By Air Force Lt. Col. Ellen Krenke
National Guard Bureau
STUTTGART, Germany (6/15/09) – Most of the coalition forces currently involved in Operation Enduring Freedom come from countries participating in the National Guard’s State Partnership Program.
Many of them are part of Operational Mentor and Liaison Teams, or OMLTs, which embed themselves into the Afghan National Security Force units and provide the training and mentorship needed to help the ANSF become a more effective force.
“These teams live, eat, sleep and fight alongside their Afghan brethren,” said Brig. Gen. Jeffery Marshall, the director of Mobilization and Reserve Affairs for U.S. European Command.
Many of the OMLTs are comprised of troops from the National Guard and their partner countries.
“What a wonderful maturation of this program to show how we started by building relationships and how now we are fighting side-by-side with other soldiers on the ground in a major contingency,” said Gen. Craig R. McKinley, chief of the National Guard Bureau. “We really didn’t know it would evolve to this, but that’s just the way the world turned.”
The first OMLT formed when Michigan and Latvian troops deployed to Afghanistan in 2008. Since that time, 11 other states have deployed with their SPP country as part of an OMLT or as a simple co-deployment.
“The number of bilateral, or co-deployments between states and their partner countries to Afghanistan and Iraq is a clear testament to the SPP’s value,” Marshall said.
Illinois deployed with its partner country, Poland, to Iraq and Afghanistan as part of a Bilateral Embedded Staff Team, which is an extension of the OMLT concept.
“We have seven years of combat experience with the Poles,” said Maj. Gen. William Enyart, the adjutant general of Illinois, who has worked with Poland since he was a lieutenant colonel.
A team of 11 Illinois Soldiers deployed to Iraq with the Poles in 2003. The Polish Army commanded Multi-National Division-South, and one of the Illinois Soldiers served as the logistics commander for the Poles.
When the Poles left Iraq last year, the Illinois team went to Afghanistan, where another Polish division controls the Ghazni Province.

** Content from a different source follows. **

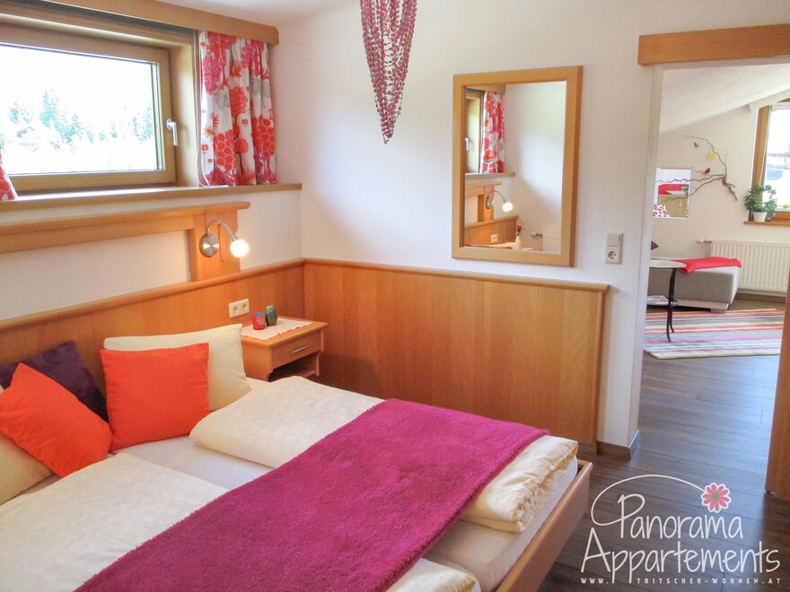 - jasna sypialnia z kącikiem do czytania i widokiem na Schladminger Tauern, łazienka z prysznicem i WC,

“The leverage that team of Illinois National Guard Soldiers provides is nothing short of phenomenal in terms of integrating the Poles with the multi-national force and into NATO,” Enyart said.
Through these experiences, both countries have learned a lot from each other. “It is not a situation where we’re teaching the Poles, we’re training the Poles, we’re doing everything for the Poles, it’s a two-way street,” Enyart said.
The cultural exchange creates openness and sharing, he said. “… the Poles by virtue of their geographic position have a much different world view than a farm boy from Illinois. So, I think [it] has been a tremendous gain.”
Enyart said continuity is the key to these relationships. “As we say in the emergency management business, you don’t want to be exchanging business cards in the middle of a flood. We have followed that pattern with Poland. There is a level of trust. They know what we are capable of doing, and we know what they are capable of doing.”
Over the last several years, Enyart said he has watched as the Soviet-era leadership has retired, so “now you have officers that have grown up not with a gun pointed at NATO but as part of NATO. They are much more transparent, much more open now. We have developed such a history with Poland. We’re battle buddies.”